* WHAT YOU ARE ASKED TO DO *
For the data below, retype word for word the lines from the one containing "To connect Credal, an" through the one containing "This metal ring"; drop the pictures.

* SUPPLIED DATA *
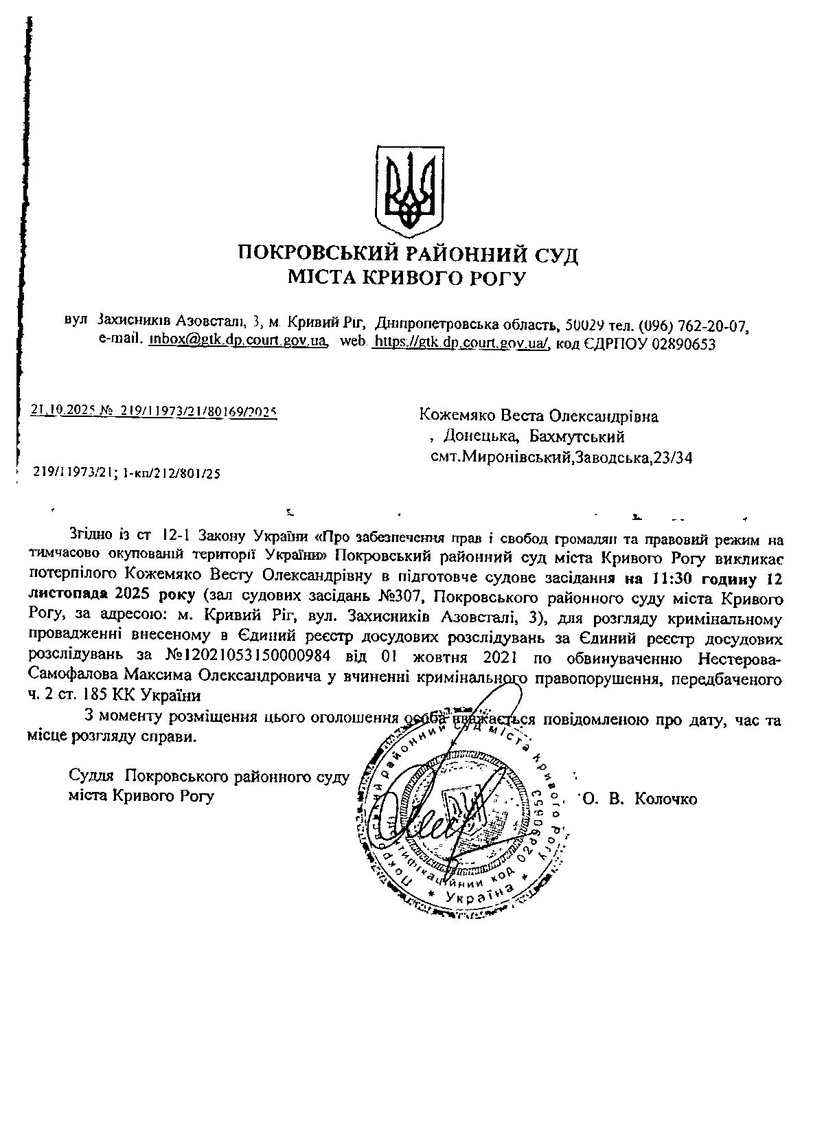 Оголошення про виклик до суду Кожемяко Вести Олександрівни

==

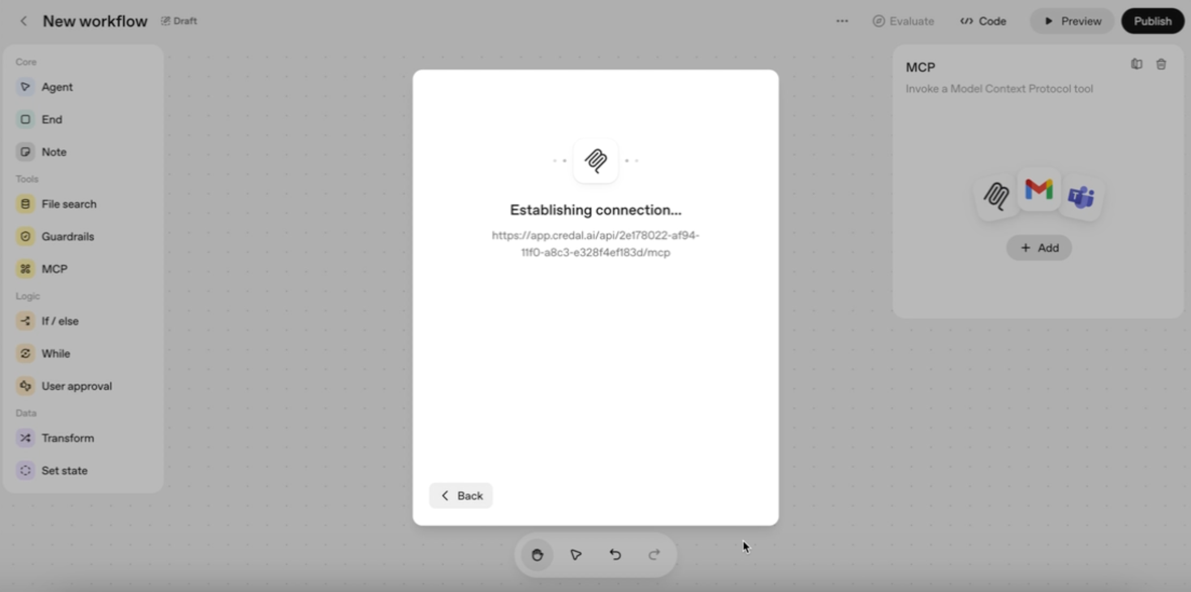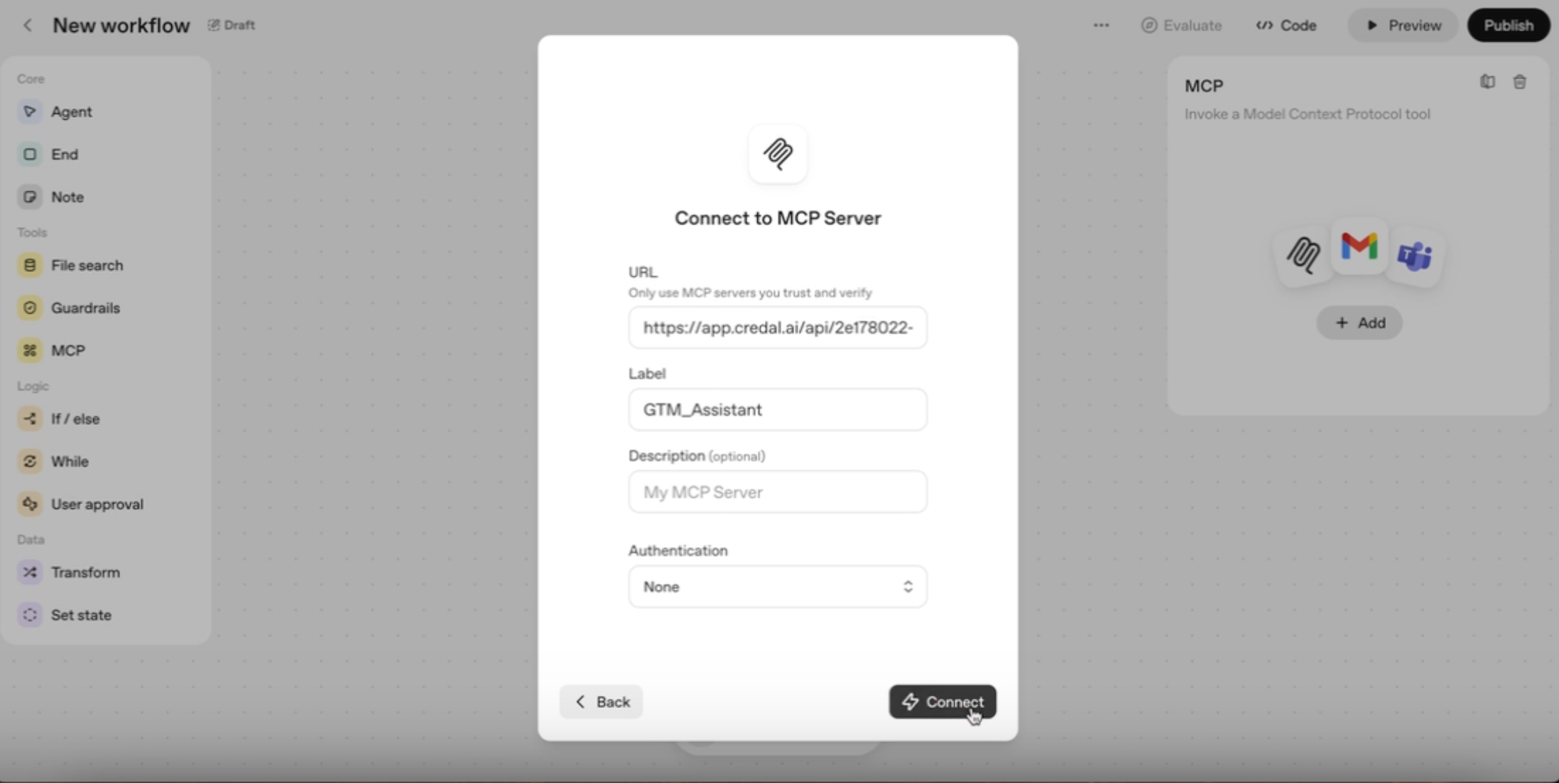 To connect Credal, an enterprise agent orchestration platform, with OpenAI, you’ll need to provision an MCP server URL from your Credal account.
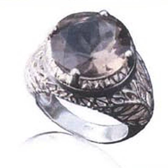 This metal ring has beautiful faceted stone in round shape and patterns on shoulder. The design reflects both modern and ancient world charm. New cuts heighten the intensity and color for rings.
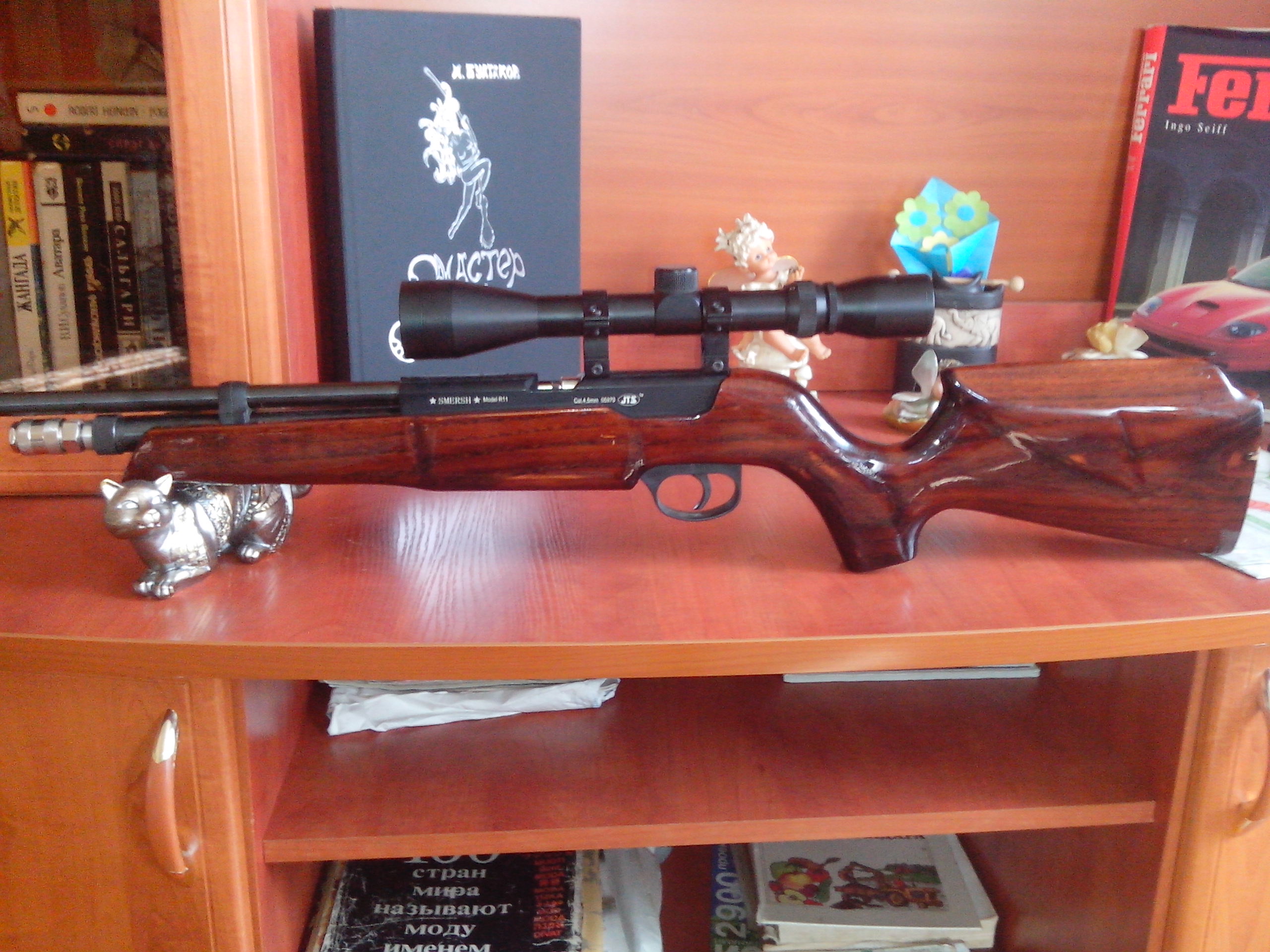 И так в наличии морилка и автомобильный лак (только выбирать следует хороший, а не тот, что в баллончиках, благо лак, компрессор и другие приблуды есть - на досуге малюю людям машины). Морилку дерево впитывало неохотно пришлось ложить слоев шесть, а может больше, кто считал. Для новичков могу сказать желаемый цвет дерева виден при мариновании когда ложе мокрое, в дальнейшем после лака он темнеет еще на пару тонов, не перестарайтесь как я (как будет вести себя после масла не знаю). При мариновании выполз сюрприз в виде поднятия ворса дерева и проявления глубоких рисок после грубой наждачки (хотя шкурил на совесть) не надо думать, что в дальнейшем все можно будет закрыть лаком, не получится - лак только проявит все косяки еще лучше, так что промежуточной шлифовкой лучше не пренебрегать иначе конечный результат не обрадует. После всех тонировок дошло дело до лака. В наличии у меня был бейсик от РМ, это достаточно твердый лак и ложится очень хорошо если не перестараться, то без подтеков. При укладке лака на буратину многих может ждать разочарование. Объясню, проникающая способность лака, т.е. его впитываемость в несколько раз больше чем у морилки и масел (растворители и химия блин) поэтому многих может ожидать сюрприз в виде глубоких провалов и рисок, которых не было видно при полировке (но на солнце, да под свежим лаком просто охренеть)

* WRITTEN ANSWER *
 To connect Credal, an enterprise agent orchestration platform, with OpenAI, you’ll need to provision an MCP server URL from your Credal account.
 This metal ring has beautiful faceted stone in round shape and patterns on shoulder. The design reflects both modern and ancient world charm. New cuts heighten the intensity and color for rings.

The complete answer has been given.